- _Dataset excerpt_
┄┄┄┄┄┄

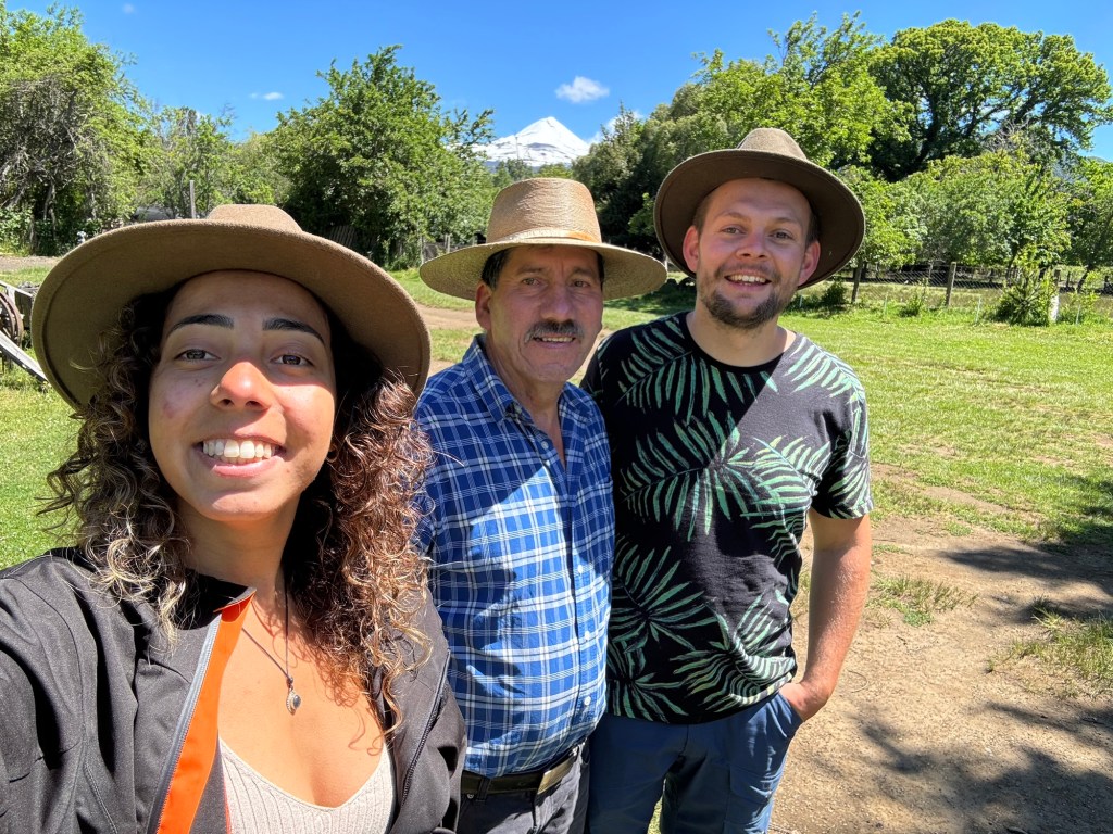 Auf dem Weg dorthin kreuzten wir das kleine Städtchen Melipeuco. Ein kleiner Ort in der Provinz Cautín. Bereits im Jahr 2017 besuchte ich diesen Ort und wir hatten eine Wunderbare Zeit auf einem kleinen Eco-Campingplatz. Was mir von damals noch in Errinerung blieb, war Hermano, der Besitzer des Platzes und gleichzeitig Bauer auf dem anliegenden Hof. Nach ein bisschen Suche fand ich den Platz wieder – schon beim einfahren auf dem Hof kam uns Hermano entgegen – ich erkannte ihn sofort wieder. Er war durchaus verblüfft, als ich ihn mit seinem Namen ansprach. Und schon kamen wir uns Gespräch… es ging eine Weile bis er Verstand, warum ich plötzlich und so erfreut bei ihm hereinplatzte.
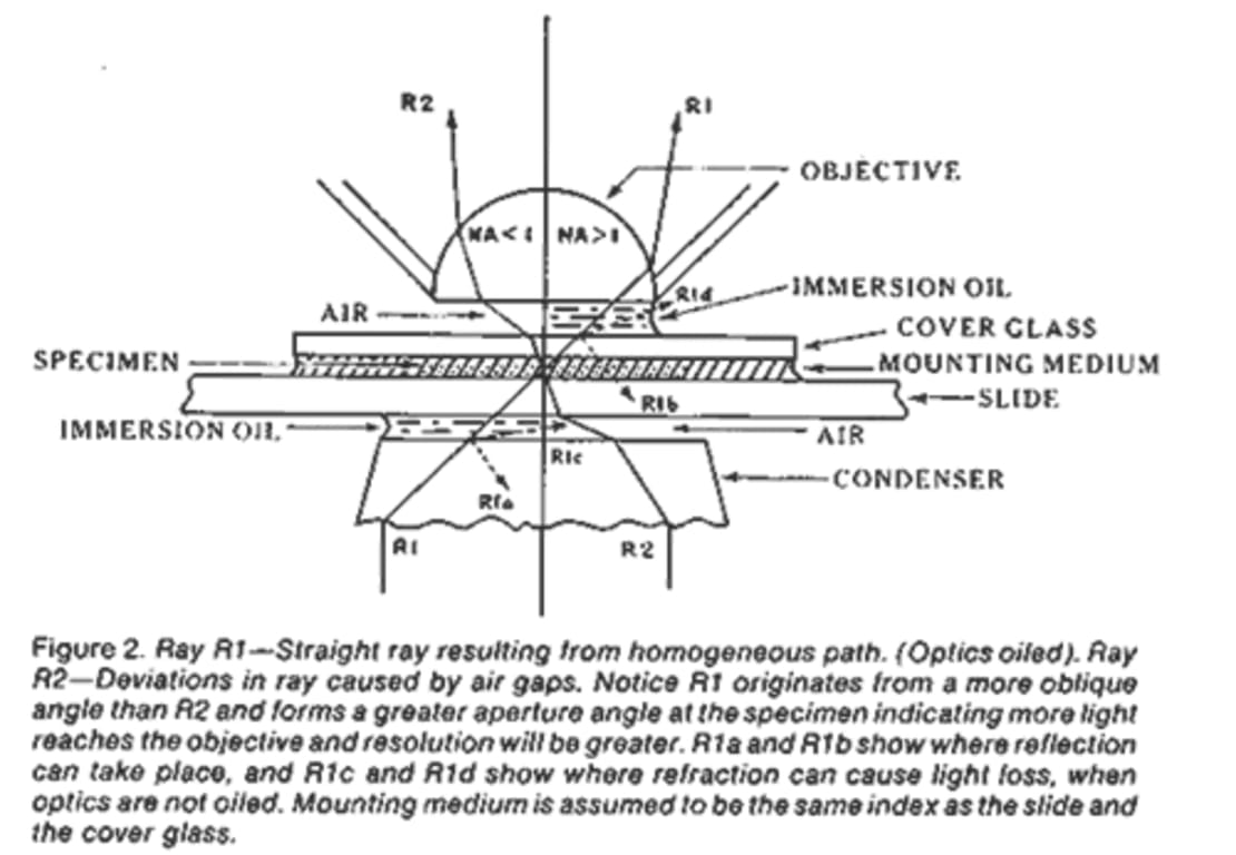 Just as immersion oil permits utilizing the full N.A. (resolving power) of the objective, it is also a necessity for obtaining the maximum N.A. of the condenser. With a condenser N.A. 1.40 and an air gap between the condenser and the bottom of the slide, the limiting value is N.A. 1. (air); The additional light being lost by internal reflection within the condenser.
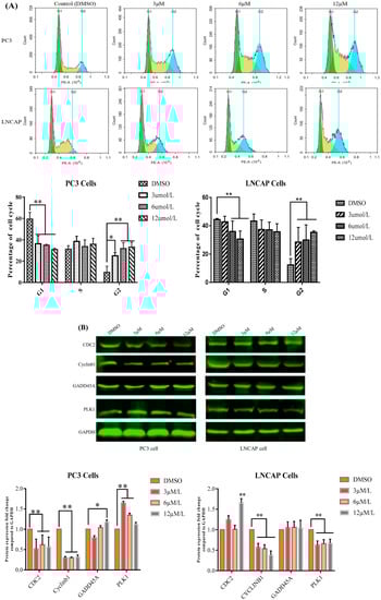 Effect of TC7 on cell cycle of PCa and LNCAP cells. Cells were treated with TC7 at different concentrations (3, 6, and 12 μM) for 24 h. (A) Effect of TC7 on the cell cycle of PCa and LNCAP cells by flow cytometry. Cells were fixed and stained with propidium iodide (PI) to analyze the DNA content by flow cytometry. The bar graph shows PC3 and LNCAP cells percentage in different phases of the cell cycle. (B) TC7 effect on the expression of proteins involved in the cell cycle of PCa and LNCAP cells by western blot and quantitatively analyzed by Image J software. Results are presented as mean ± SD from three independent experiments. * p < 0.05 (n = 3); ** p < 0.01 (n = 3), compared with the control group.
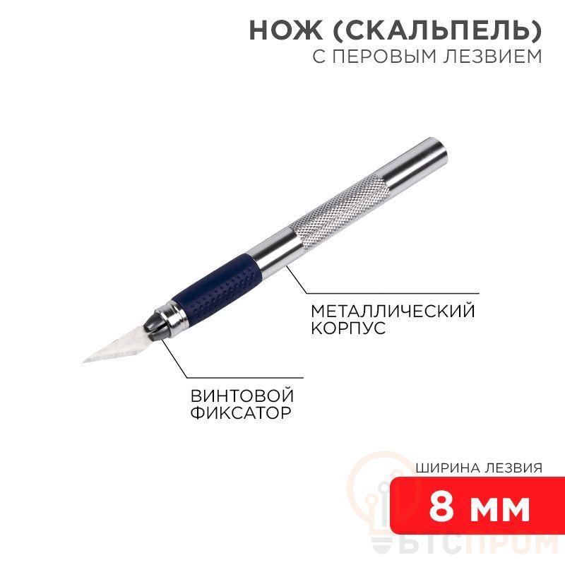 Нож с перовым лезвием REXANT подходит для художественных и дизайнерских работ. Режет различные материалы: бумагу, фольгу, древесину, пластик, ткань и кожу. Идеальный инструмент для дизайнеров, художников и моделистов. Лезвие ножа изготовлено из высококачественной инструментальной стали и надежно фиксируется. Металлический корпус ножа обеспечивает долгий срок службы. Замена лезвия осуществляется вручную. Ширина лезвия – 8 мм, длина – 25 мм, толщина – 0,5 мм. Длина рукоятки – 127 мм, ширина – 8 мм.

┄┄┄┄┄┄

- _To do_
Take the line containing "Effect of TC7 on cell" as the first line and the last line of the data above as the final one, and output exactly the lines between them, inclusive, with no pictures.

- _Exercise output_
 Effect of TC7 on cell cycle of PCa and LNCAP cells. Cells were treated with TC7 at different concentrations (3, 6, and 12 μM) for 24 h. (A) Effect of TC7 on the cell cycle of PCa and LNCAP cells by flow cytometry. Cells were fixed and stained with propidium iodide (PI) to analyze the DNA content by flow cytometry. The bar graph shows PC3 and LNCAP cells percentage in different phases of the cell cycle. (B) TC7 effect on the expression of proteins involved in the cell cycle of PCa and LNCAP cells by western blot and quantitatively analyzed by Image J software. Results are presented as mean ± SD from three independent experiments. * p < 0.05 (n = 3); ** p < 0.01 (n = 3), compared with the control group.
 Нож с перовым лезвием REXANT подходит для художественных и дизайнерских работ. Режет различные материалы: бумагу, фольгу, древесину, пластик, ткань и кожу. Идеальный инструмент для дизайнеров, художников и моделистов. Лезвие ножа изготовлено из высококачественной инструментальной стали и надежно фиксируется. Металлический корпус ножа обеспечивает долгий срок службы. Замена лезвия осуществляется вручную. Ширина лезвия – 8 мм, длина – 25 мм, толщина – 0,5 мм. Длина рукоятки – 127 мм, ширина – 8 мм.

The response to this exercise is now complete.